O presente é hoje; é acordar, sair da preguiça depressiva, usar nossa agressividade útil para expandirmos a cada dia a nossa experiência. O presente é agora, pois não sabemos nada do tempo futuro, e o futuro do tempo é daqui há pouco mas nada dele podemos conhecer.
O futuro é incognoscível, é o desconhecido, aquilo que dói, ainda que não tenhamos consciência dessa dor. E é por que dói, que temos o hábito de preencher com fantasias e sonhos, para nos distrair de sofrer com nossa limitação psíquica. Não saber é uma experiência de impotência que raramente é tolerada. O futuro é assim, não se sabe, não há certeza de nada. J.Keats, poeta inglês, escrevendo sobre a genialidade de W. Shakespeare disse que o “homem de êxito” é o homem que pode tolerar a dúvida, a incerteza e o mistério sem necessariamente querer chegar a fato ou razão. O futuro só se sabe nas fantasias conscientes do presente; nos sonhos, projetos e expectativas. O futuro desafia a limitação da inteligência humana! Só nos restam, conjecturas, dúvidas, incertezas e esperança de realizações.
Celebremos o tempo do amor, das conquistas realizadas, do encontro desacreditado, de amar o amante que estava na fantasia, de ver nascer no filho a continuidade da vida, a única experiência que se pode dizer “infinita”. É nos filhos que sabemos que viveremos para sempre! Celebremos a passagem do ano, passagem metafórica, pois toda hora é a passagem do tempo. Guimarães Rosa, nas palavras de Riobaldo, no Grande Sertão, dizia que não era morrer que tinha medo, o maior medo é de nascer. Por isso que nosso destino é o presente das “travessias”. É na travessia que se vive, e travessia é consciência do tempo presente, é ter a capacidade de aprender no tempo vivido.

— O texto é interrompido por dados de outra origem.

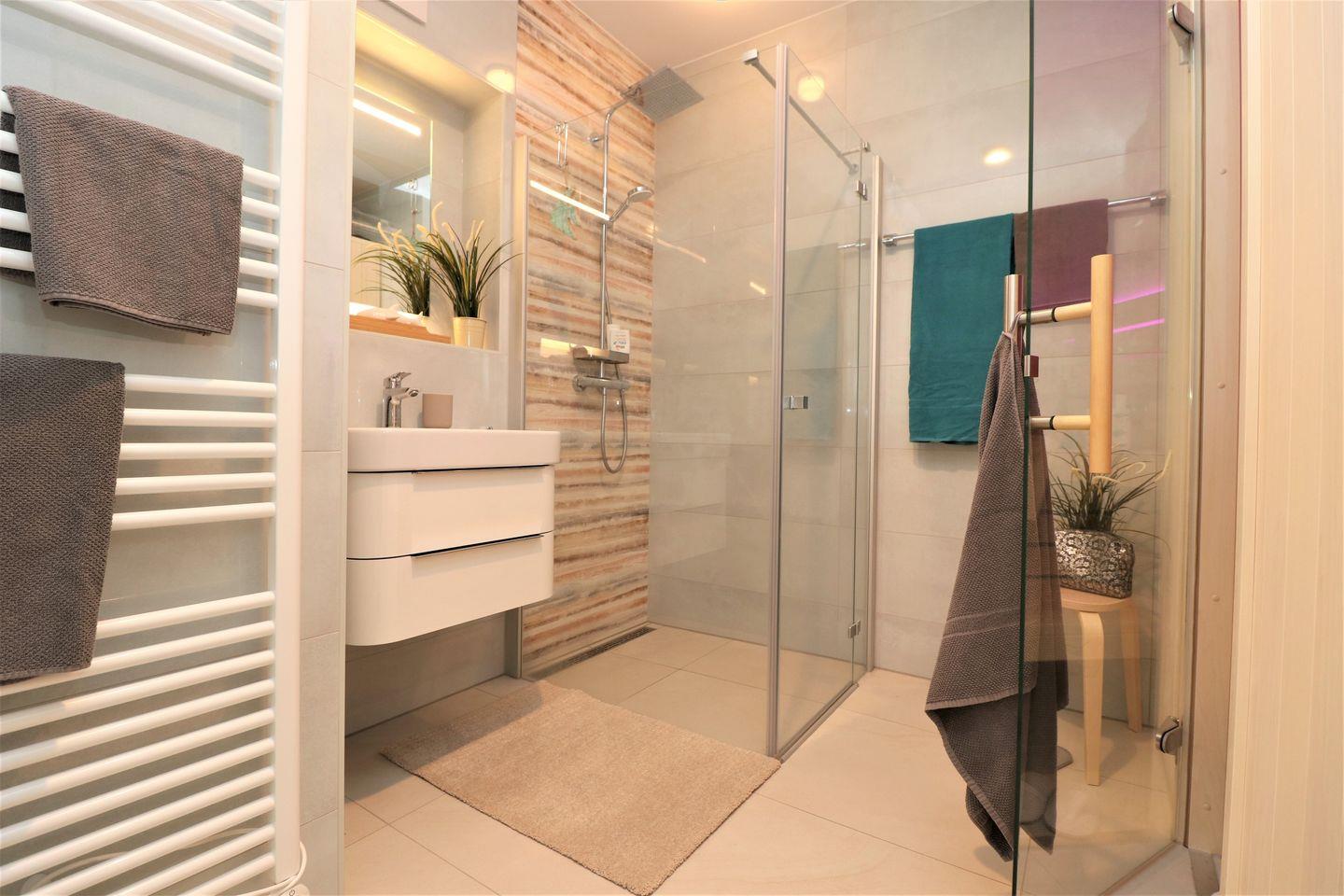 Zwei stilvolle Schlafzimmer mit Vinylböden laden zum Entspannen ein. Eines der Schlafzimmer verfügt über ein komfortables Doppelbett, während das zweite Schlafzimmer mit einem flexiblen Schlafarrangement ausgestattet ist, das ideal für Kinder oder Freunde ist. Das Badezimmer mit bodengleich Dusche bietet sowohl Komfort als auch Funktionalität, während ein zusätzliches Gäste-WC im Haus für Ihre Bedürfnisse sorgt.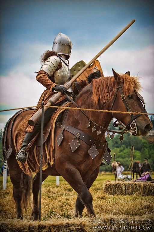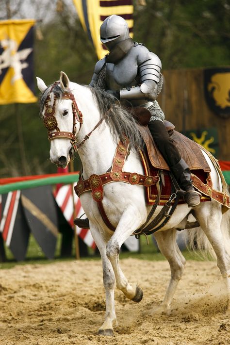 Взрослый мужчина в старинных рыцарских доспехах едет по полю на коне в доспехах в красно-синем одеялеPREMIUM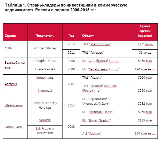 · Крупнейшим иностранным игроком на рынке инвестиций в коммерческую недвижимость России в 2006-2015 гг. стал американский фонд Morgan Stanley ($2,2 млрд). В 2011 и 2013 гг. Morgan Stanley заключил самые большие на рынке коммерческой недвижимости сделки по покупке ТРЦ "Галерея" ($1 млрд) и ТРЦ "Метрополис" ($1,2 млрд). Также в топ-5 вошли австрийская инвестиционная компания Immofinanz ($1,6 млрд), американская инвестиционная компания Hines ($1,18 млрд), швейцарский фонд Eastern Property Holdings ($0,97 млрд), дочерняя структура британской инвестиционной группы Raven Group фонд Raven Russia ($0,69 млрд).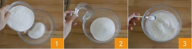 To prepare rice gnocchi with mussels and cherry tomatoes, start by making the rice gnocchi. In a bowl, add the rice flour 1 and gradually add the water 2. Add the salt 3 and mix roughly.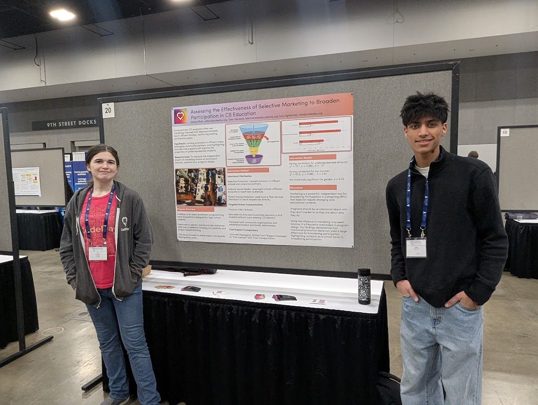 I was at SIGCSE to present research (read the paper here) my colleague Aditya (right) did on event outreach. This was my first time presenting a poster at a conference, which was kind of cool. Lots of people asked interesting questions and it was a good way to meet new people.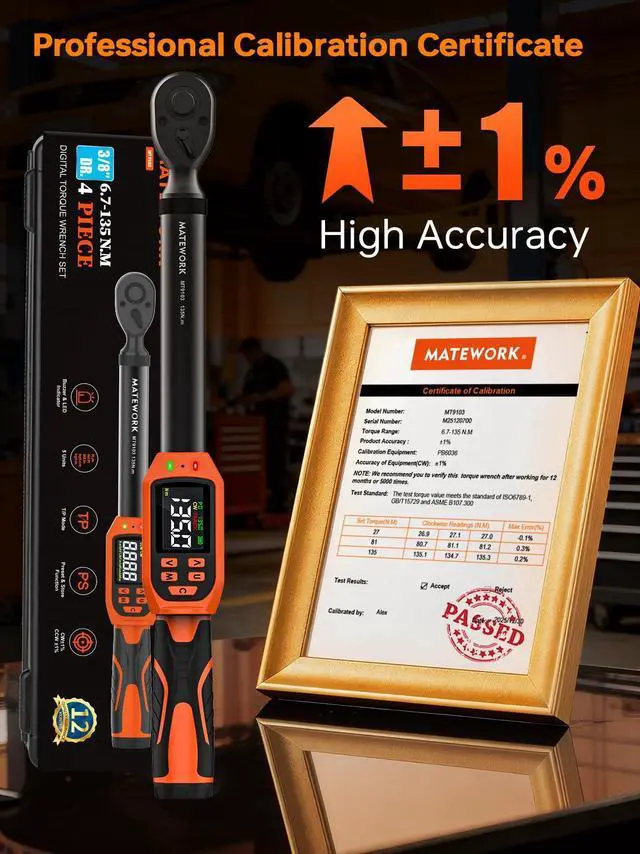 ±1% High AccuracyPrecision-engineered 3/8 torque wrench digital sensor delivers ±1% accuracy across 5-99.5 ft-lb / 6.7-135 Nm range. Real-time LCD displays torque in multiple units. Hardened CR-V steel core withstands shop use. ASME-traceable certificate included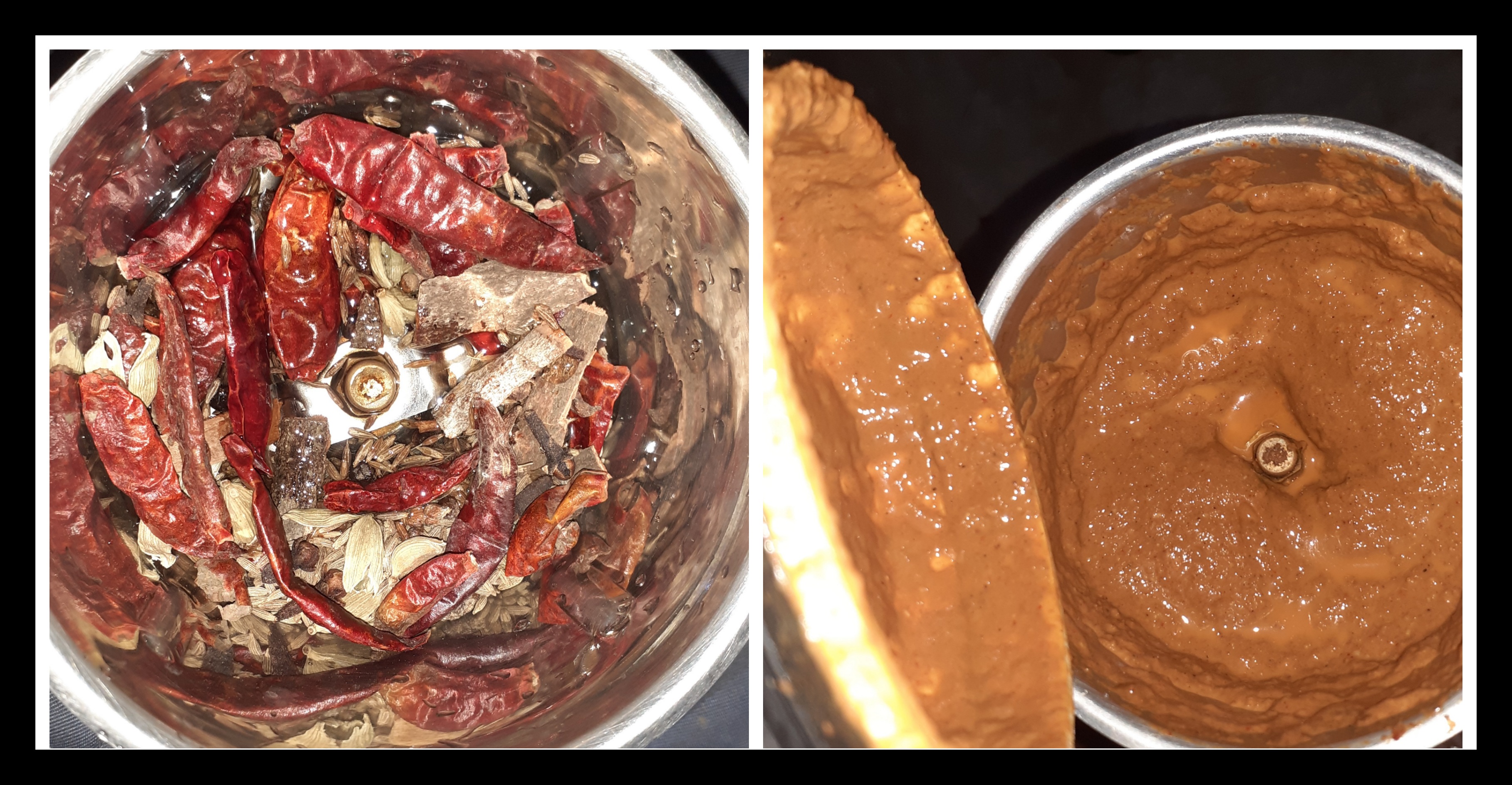 ➤জিরে, মরিচ, লবঙ্গ, দারুচিনি, শুকনো লঙ্কা, আদা মিক্সারে করে পেস্ট করে রেখেছিলাম।

Lendo o livro de João Cabral de Melo Neto – “A Educação Pela Pedra” (1962-1965) dou de cara com um poema: “Habitar o Tempo”, e o descrevo aqui pensando na passagem do tempo, poema dedicado a F. A. Bandeira de Melo:
“Para não matar seu tempo, imaginou:/ vivê-lo enquanto ele ocorre, ao vivo;/ no instante finíssimo em que ocorre,/ em ponta de agulha e porém acessível;/ viver seu tempo: para o que ir viver/ num deserto literal ou de alpendres;/ em ermos, que não distraiam de viver/ a agulha de um só instante, plenamente./ Plenamente: vivendo-o de dentro dele;/ habitá-lo, na agulha de cada instante,/ em cada agulha instante: e habitar nele/ tudo o que habitar cede ao habitante.
E de volta de ir habitar seu tempo:/ ele corre vazio, o tal tempo ao vivo;/ e, como além de vazio, transparente,/ o instante a habitar passa invisível./ Portanto: para não matá-lo, matá-lo;/ matar o tempo, enchendo-o de coisas;/ em vez de deserto, ir viver nas ruas/ onde o enchem e o matam as pessoas;/ pois, como o tempo ocorre transparente/ e só ganha corpo e cor com seu miolo(o que não passou do que lhe passou),/ para habitá-lo: só no passado, morto.”